Investigating protein-lipid interactions with implications for apoptosis using fluorescent cytochrome c

Abstract

In healthy cells, cytochrome c (cyt c) acts as an electron transport protein peripherally bound to the inner mitochondrial membrane lipid cardiolipin, but it has an important role in apoptosis - upon apoptotic stimuli, it is released from the mitochondria into the cytosol, where it sets off a cascade of activities leading to cell death. The signals and mechanisms which result in this release of cyt c are an intense topic of study, and the specific interactions of cyt c with cardiolipin are thought to be implicated in this process. In this work, we use fluorescent-labeled cyt c to observe the interactions of the protein with cardiolipin and related lipids, asking two questions:

1. How does the protein affect lipid membranes?

2. How do lipids affect the protein?

In chapter 2, we report that treatment of synthetic cardiolipin-containing phospholipid membranes with cyt c allows leakage across the membrane of not only the protein itself, but also of passive leakage markers. Using fluorescence confocal microscopy, we record images and videos of this leakage, demonstrating for the first time the formation of pores by cyt c in intact unilamellar membranes that are directly analogous to mitochondrial membranes. Our results suggest that if cardiolipin is mixed into the outer mitochondrial membrane near intermembrane contact sites, cyt c might contribute to its own escape from mitochondria during apoptosis.

In chapter 3, we describe a novel morphological transition undergone by cardiolipin-containing membranes treated with cyt c. We engineer vesicles with compositions such that they phase separate into coexisting liquid phases and cardiolipin preferentially localizes into one of the domains. The presence of cardiolipin-rich and cardiolipin-depleted domains within the same vesicle provides a built-in control experiment to simultaneously observe the behavior of two membrane compositions under identical conditions. We find that cyt c binds strongly to the cardiolipin-rich domains, and we observe that these domains start to form small buds and eventually fold up into a collapsed state.
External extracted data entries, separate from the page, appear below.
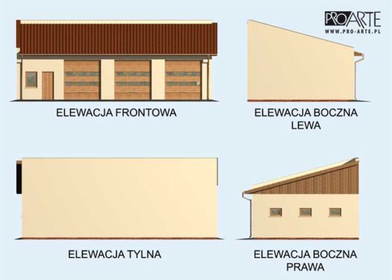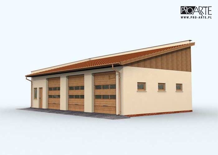 Budynek gospodarczy, wolnostojący. Projekt składa się z części architektonicznej, konstrukcyjnej i wewnętrznej instalacji elektrycznej. W projekcie załączone są podstawowe zestawienie stali, drewna i stolarki okienno-drzwiowej. Do projektu dołączamy bezpłatną zgodę na wprowadzenie zmian, oświadczenie projektantów o wykonaniu projektu zgodnie z obowiązującymi normami i przepisami oraz kserokopie uprawnień projektantów wraz z aktualnym wpisem do izby. W przypadku zamówienia projektu w technologii lekkiej, drewnianej konstrukcji szkieletowej, powierzchnia użytkowa budynku jest o około 7% większa.
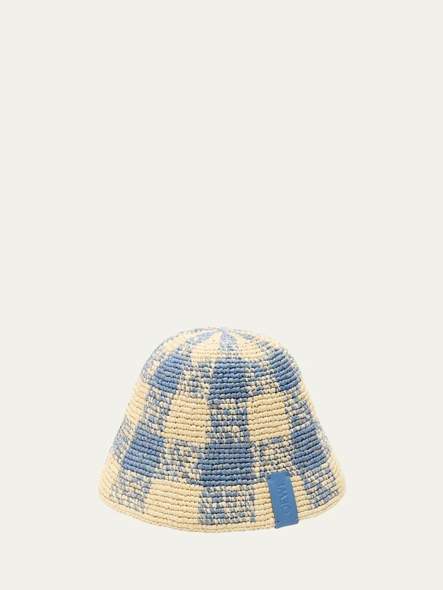 Loewe raffia bucket hat decorated with a check pattern Leather embossed logo patch Round crown Downturned brim Professional cleaning recommended Imported Online Inquiries: BGS21_D59CY| Store Inquiries: #5027085
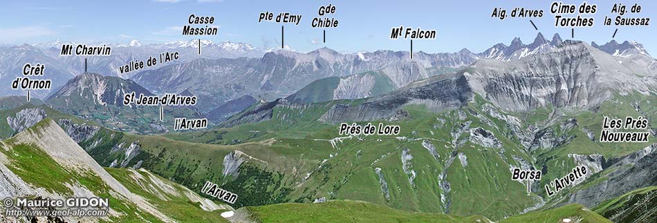 Les grès et schistes de la zone ultradauphinoise (flysch des Aiguilles d'Arves) ne donnent pas, au nord d'Albiez (dans la crête de Casse Massion) des reliefs plus hardis que sur la rive droite de la Maurienne. Par contre plus au sud la base de ce flysch s'enrichit d'une puissante masse de conglomérats qui donnent de forts abrupts qui culminent avec les Aiguilles d'Arves. Les couches y montrent pourtant la même structure simple, s'apparentant à celle d'un crêt dont l'abrupt regarde la vallée de l'Arvan, tandis que son revers s'enfonce vers l'est sous les terrains des zones plus internes, avant d'atteindre la vallée de Valloire.

Finally, in chapter 4, we find that cyt c responds to cis unsaturated fatty acids and phospholipids with a change in fluorescence of an added dye, which reflects a conformational change including a decrease in helical content and a detachment of the Met80 from the heme iron, and induction of peroxidase activity; these changes are thought to be associated with a pro-apoptotic conformation of the protein. These structural and functional changes are not observed when cyt c is treated with saturated fatty acids and phospholipids, while intermediate changes are in some cases observed for trans elaidic acid. While the more general question of the specificity of cyt c-lipid binding has been discussed in the literature for some time - with apparently contradictory results - to the best of our knowledge, this document is the first to demonstrate the preference of cyt c for cis unsaturated over trans unsaturated lipids.